◆ **Assignment**
Leave the pictures out and write out the rest of the listing word for word.

◆ **Source data**
──────
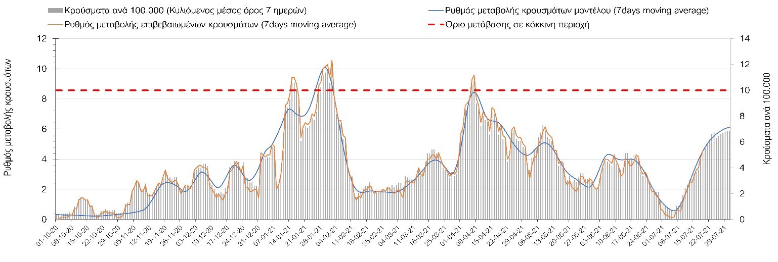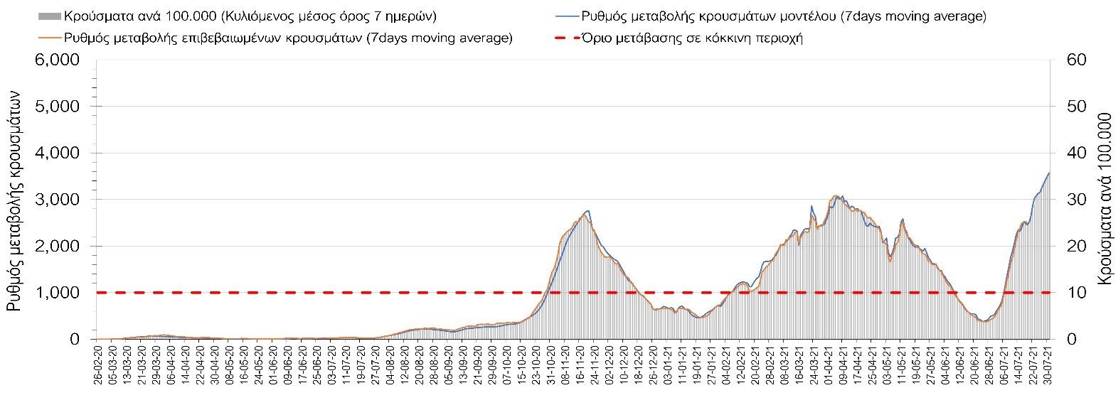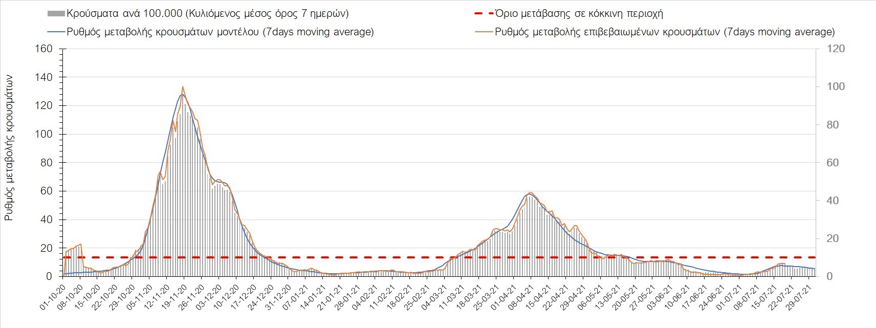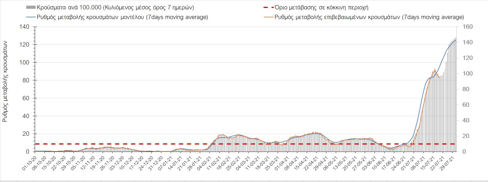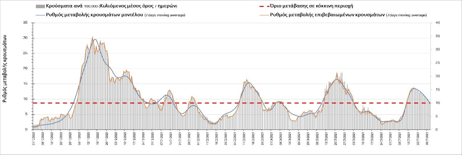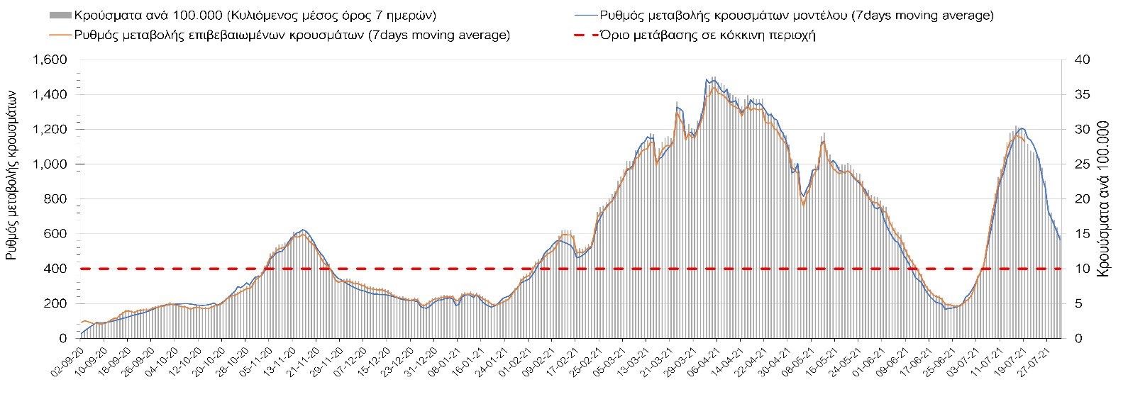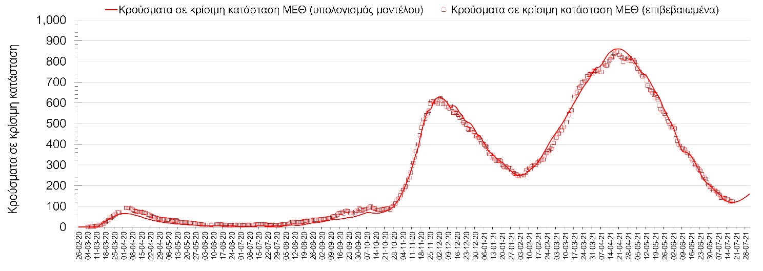 Σχήμα 4. Πορεία του ημερησίου αριθμού των κρουσμάτων (κυλιόμενος μέσος όρος 7 ημερών) στην Ελληνική επικράτειαΣτις επιμέρους περιοχές με υψηλό υγειονομικό κίνδυνο, τη Δευτέρα παρατηρείται υψηλότερος αριθμός κρουσμάτων τόσο στη Θεσσαλονίκη με 123 κρούσματα (112 κρούσματα προχθές), όσο και στην Αττική με 720 κρούσματα (610 κρούσματα προχθές). Η Αθήνα πλέον αντιπροσωπεύει περίπου το 40% των κρουσμάτων, και εμφανίζει σχεδόν 6 φορές περισσότερα κρούσματα από τη Θεσσαλονίκη. Η πορεία των κρουσμάτων στην Αττική, παρουσιάζεται στο Σχήμα 5, ενώ η πορεία των κρουσμάτων σε κρίσιμη κατάσταση (διασωληνωμένοι σε ΜΕΘ) παρουσιάζονται στο Σχήμα 6. Από την αρχή του μήνα παρατηρείται μια αύξηση του αριθμού των κρουσμάτων στην Αθήνα, η οποία δεν συνάδει ούτε με τη διαμόρφωση της μεταδοτικότητας από τη θερμοκρασία, αλλά ούτε και με τα υπάρχοντα μέτρα, και η οποία τη έχει φέρει πέρα από το όριο της κόκκινης περιοχής. Μια πιθανή εξήγηση είναι η αυξημένη διασπορά στην κοινότητα των μεταλλαγμένων στελεχών Β.1.1.318 και Β.1.167, οπότε και αναμένουμε τα δεδομένα των επομένων ημερών για να μπορέσουμε να διαμορφώσουμε μια πιο σαφή εικόνα. Με βάση τη μεγάλη απόκλιση που εμφανίζει η Αθήνα, η πορεία της μπορεί να εξηγηθεί μόνο εάν ληφθεί υπόψη πολύ μεγαλύτερη εγγενής μεταδοτικότητα του ιού, συνεπώς η διασπορά των ταχύτερα μεταδιδόμενων μεταλλάξεων είναι πολύ μεγαλύτερη από ότι στη Θεσσαλονίκη, καθώς επίσης και ότι παρατηρήθηκα φαινόμενα έντονων συρροών. Tα πραγματικά δεδομένα εξηγούνται μόνο εάν θεωρήσουμε ότι το στέλεχος Β.1.1.318 έχει κυριαρχήσει έναντι του Β.1.1.7, και ταυτόχρονα η διασπορά του Β.1.167 είναι μεγαλύτερη από ότι έχει προσδιοριστεί μέχρι τώρα. Αξίζει να σημειωθεί, ότι με τα δεδομένα των τελευταίων ημερών, παρατηρείται επιβράδυνση της ανοδικής τάσης, και η επίδραση των φαινομένων συρροής φαίνεται να περιορίζεται, οπότε και με τα σημερινά αποτελέσματα επιβεβαιώθηκε η πρόβλεψη μας από τις 16/7, ότι θα μεταβούμε σε κάποιας μορφή αποκλιμάκωση, εκτός εάν επαναληφθούν φαινόμενα έντονης συρροής.
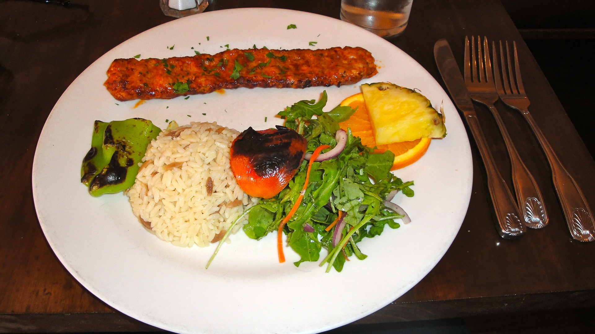 For lunch a couple of days ago, my mom and I ate at another Turkish restaurant which was also very good. They served us really good bread (a common theme I noticed in both Turkish restaurants). To start, I had red lentil soup (it did not look red, but it sure tasted good). And for my main course, I had some sort of chicken sausage. I usually wouldn’t order sausage in a restaurant because it’s not one of my favorite foods to begin with. But this sausage was very good, and it came with rice pilaf and arugula salad. Now, all I need is some baklava.
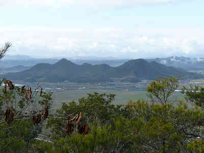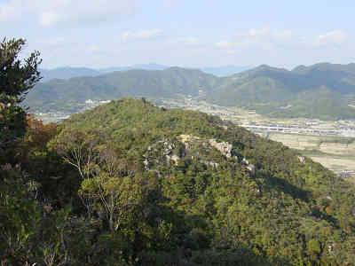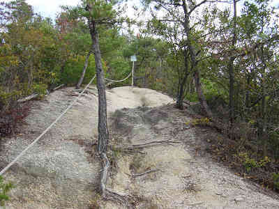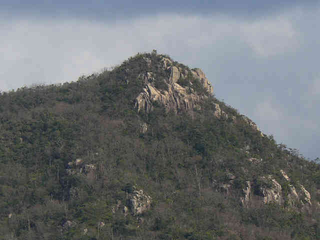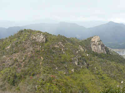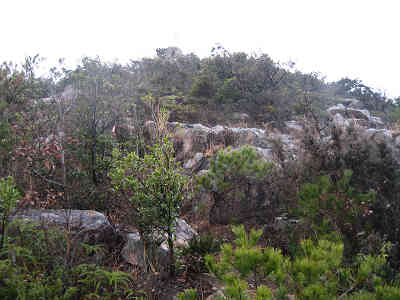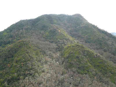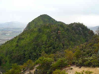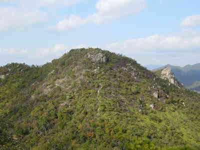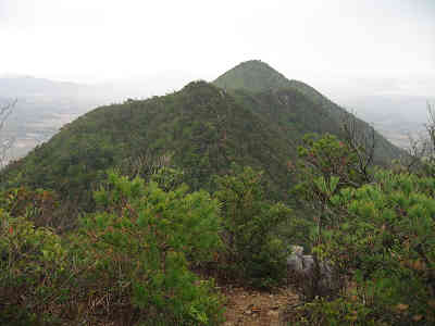 亀山への分岐に入り、雨で濡れた岩斜面を下りて行く。適度な湿りがあるので斜面は滑りにくくなっている。但し、下りてきた方向を振り返ると凄い斜面を下りてきたことが分かる。鞍部に下りてロープの渡された急な斜面を登り返す。間もなくピークに着き、左手に広がる広場から火の山方面を振り返る。やはり凄い岩の上に立っていたことが分かる。
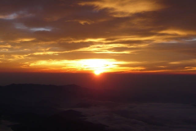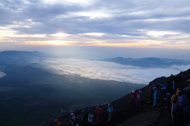 御来光も感動したが、下に見えるこの雲の厚さ、濃さに感動した。
──────
◆ **The answer**
 Σχήμα 4. Πορεία του ημερησίου αριθμού των κρουσμάτων (κυλιόμενος μέσος όρος 7 ημερών) στην Ελληνική επικράτειαΣτις επιμέρους περιοχές με υψηλό υγειονομικό κίνδυνο, τη Δευτέρα παρατηρείται υψηλότερος αριθμός κρουσμάτων τόσο στη Θεσσαλονίκη με 123 κρούσματα (112 κρούσματα προχθές), όσο και στην Αττική με 720 κρούσματα (610 κρούσματα προχθές). Η Αθήνα πλέον αντιπροσωπεύει περίπου το 40% των κρουσμάτων, και εμφανίζει σχεδόν 6 φορές περισσότερα κρούσματα από τη Θεσσαλονίκη. Η πορεία των κρουσμάτων στην Αττική, παρουσιάζεται στο Σχήμα 5, ενώ η πορεία των κρουσμάτων σε κρίσιμη κατάσταση (διασωληνωμένοι σε ΜΕΘ) παρουσιάζονται στο Σχήμα 6. Από την αρχή του μήνα παρατηρείται μια αύξηση του αριθμού των κρουσμάτων στην Αθήνα, η οποία δεν συνάδει ούτε με τη διαμόρφωση της μεταδοτικότητας από τη θερμοκρασία, αλλά ούτε και με τα υπάρχοντα μέτρα, και η οποία τη έχει φέρει πέρα από το όριο της κόκκινης περιοχής. Μια πιθανή εξήγηση είναι η αυξημένη διασπορά στην κοινότητα των μεταλλαγμένων στελεχών Β.1.1.318 και Β.1.167, οπότε και αναμένουμε τα δεδομένα των επομένων ημερών για να μπορέσουμε να διαμορφώσουμε μια πιο σαφή εικόνα. Με βάση τη μεγάλη απόκλιση που εμφανίζει η Αθήνα, η πορεία της μπορεί να εξηγηθεί μόνο εάν ληφθεί υπόψη πολύ μεγαλύτερη εγγενής μεταδοτικότητα του ιού, συνεπώς η διασπορά των ταχύτερα μεταδιδόμενων μεταλλάξεων είναι πολύ μεγαλύτερη από ότι στη Θεσσαλονίκη, καθώς επίσης και ότι παρατηρήθηκα φαινόμενα έντονων συρροών. Tα πραγματικά δεδομένα εξηγούνται μόνο εάν θεωρήσουμε ότι το στέλεχος Β.1.1.318 έχει κυριαρχήσει έναντι του Β.1.1.7, και ταυτόχρονα η διασπορά του Β.1.167 είναι μεγαλύτερη από ότι έχει προσδιοριστεί μέχρι τώρα. Αξίζει να σημειωθεί, ότι με τα δεδομένα των τελευταίων ημερών, παρατηρείται επιβράδυνση της ανοδικής τάσης, και η επίδραση των φαινομένων συρροής φαίνεται να περιορίζεται, οπότε και με τα σημερινά αποτελέσματα επιβεβαιώθηκε η πρόβλεψη μας από τις 16/7, ότι θα μεταβούμε σε κάποιας μορφή αποκλιμάκωση, εκτός εάν επαναληφθούν φαινόμενα έντονης συρροής.
 For lunch a couple of days ago, my mom and I ate at another Turkish restaurant which was also very good. They served us really good bread (a common theme I noticed in both Turkish restaurants). To start, I had red lentil soup (it did not look red, but it sure tasted good). And for my main course, I had some sort of chicken sausage. I usually wouldn’t order sausage in a restaurant because it’s not one of my favorite foods to begin with. But this sausage was very good, and it came with rice pilaf and arugula salad. Now, all I need is some baklava.
 亀山への分岐に入り、雨で濡れた岩斜面を下りて行く。適度な湿りがあるので斜面は滑りにくくなっている。但し、下りてきた方向を振り返ると凄い斜面を下りてきたことが分かる。鞍部に下りてロープの渡された急な斜面を登り返す。間もなくピークに着き、左手に広がる広場から火の山方面を振り返る。やはり凄い岩の上に立っていたことが分かる。
 御来光も感動したが、下に見えるこの雲の厚さ、濃さに感動した。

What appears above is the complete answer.